__Prompt__. Quote the entries word for word. Omit the pictures.

Records from a data source

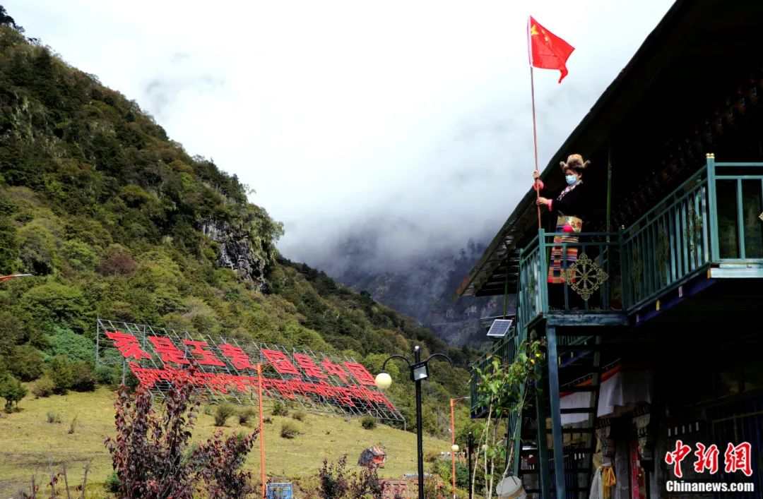 西藏邊陲村落玉麥掛國旗迎國慶。扎西白瑪 攝
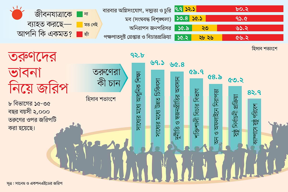 দেশের আইনশৃঙ্খলা পরিস্থিতি ও মব (সংঘবদ্ধ বিশৃঙ্খলা) নিয়ে উদ্বিগ্ন তরুণেরা। তাঁরা চান সাধ্যের মধ্যে আধুনিক শিক্ষা ও উন্নত স্বাস্থ্যসেবা। সংস্কারের ক্ষেত্রেও তাঁরা শিক্ষা, স্বাস্থ্য ও শ্রমবাজারকে অগ্রাধিকারে দেখতে চান।
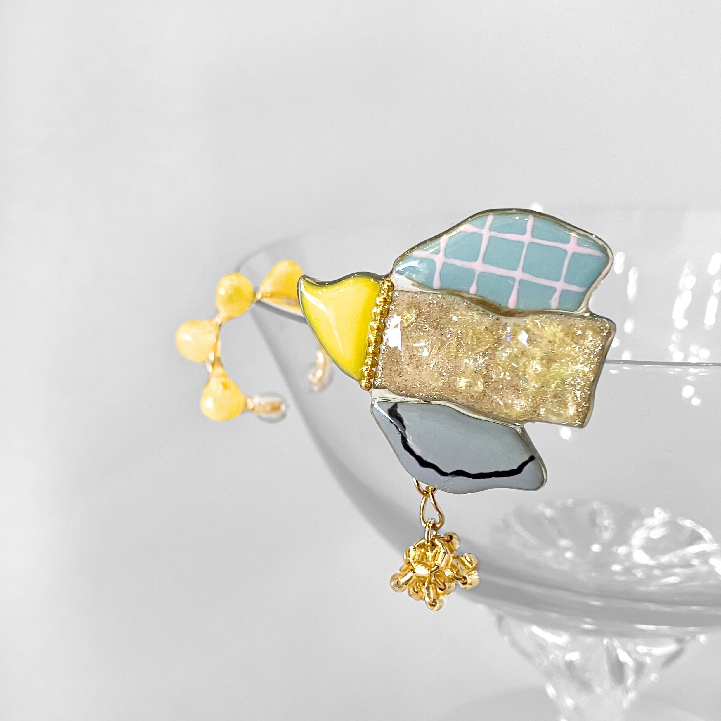 イヤーカフ:アーティスティックワイヤー、ガラス粒、レジン等
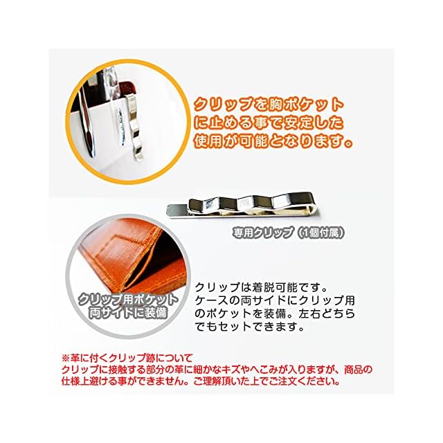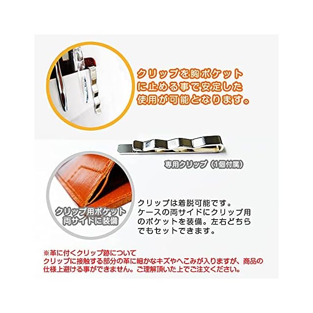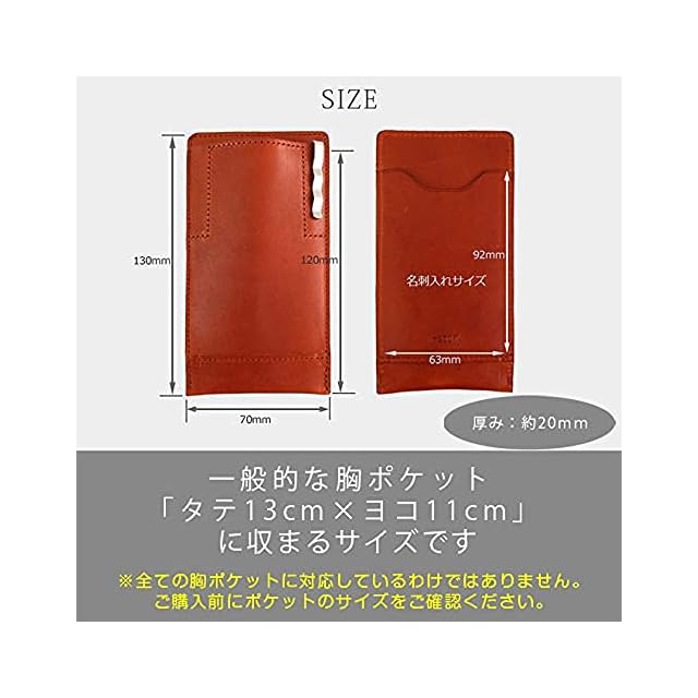 サイズ:縦 13cm x 横 7cm x 厚み 2cm (最大)※およそ縦120mmx横80mm以上の大きさの胸ポケットに対応しています。
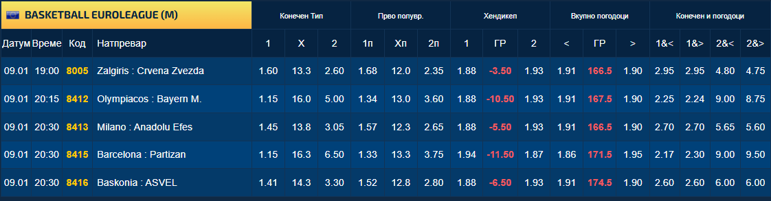 Квотата од 1.15 за победа на Олимпијакос над Баерн Минхен во вечерашниот меч од Евролигата доволно говори кој е фаворит во тој дуел, но похрабрите би можеле да ризикуваат и да одиграат на триумф на германскиот тим кој е во налет.

__Answer to this exercise__.
 西藏邊陲村落玉麥掛國旗迎國慶。扎西白瑪 攝
 দেশের আইনশৃঙ্খলা পরিস্থিতি ও মব (সংঘবদ্ধ বিশৃঙ্খলা) নিয়ে উদ্বিগ্ন তরুণেরা। তাঁরা চান সাধ্যের মধ্যে আধুনিক শিক্ষা ও উন্নত স্বাস্থ্যসেবা। সংস্কারের ক্ষেত্রেও তাঁরা শিক্ষা, স্বাস্থ্য ও শ্রমবাজারকে অগ্রাধিকারে দেখতে চান।
 イヤーカフ:アーティスティックワイヤー、ガラス粒、レジン等
 サイズ:縦 13cm x 横 7cm x 厚み 2cm (最大)※およそ縦120mmx横80mm以上の大きさの胸ポケットに対応しています。
 Квотата од 1.15 за победа на Олимпијакос над Баерн Минхен во вечерашниот меч од Евролигата доволно говори кој е фаворит во тој дуел, но похрабрите би можеле да ризикуваат и да одиграат на триумф на германскиот тим кој е во налет.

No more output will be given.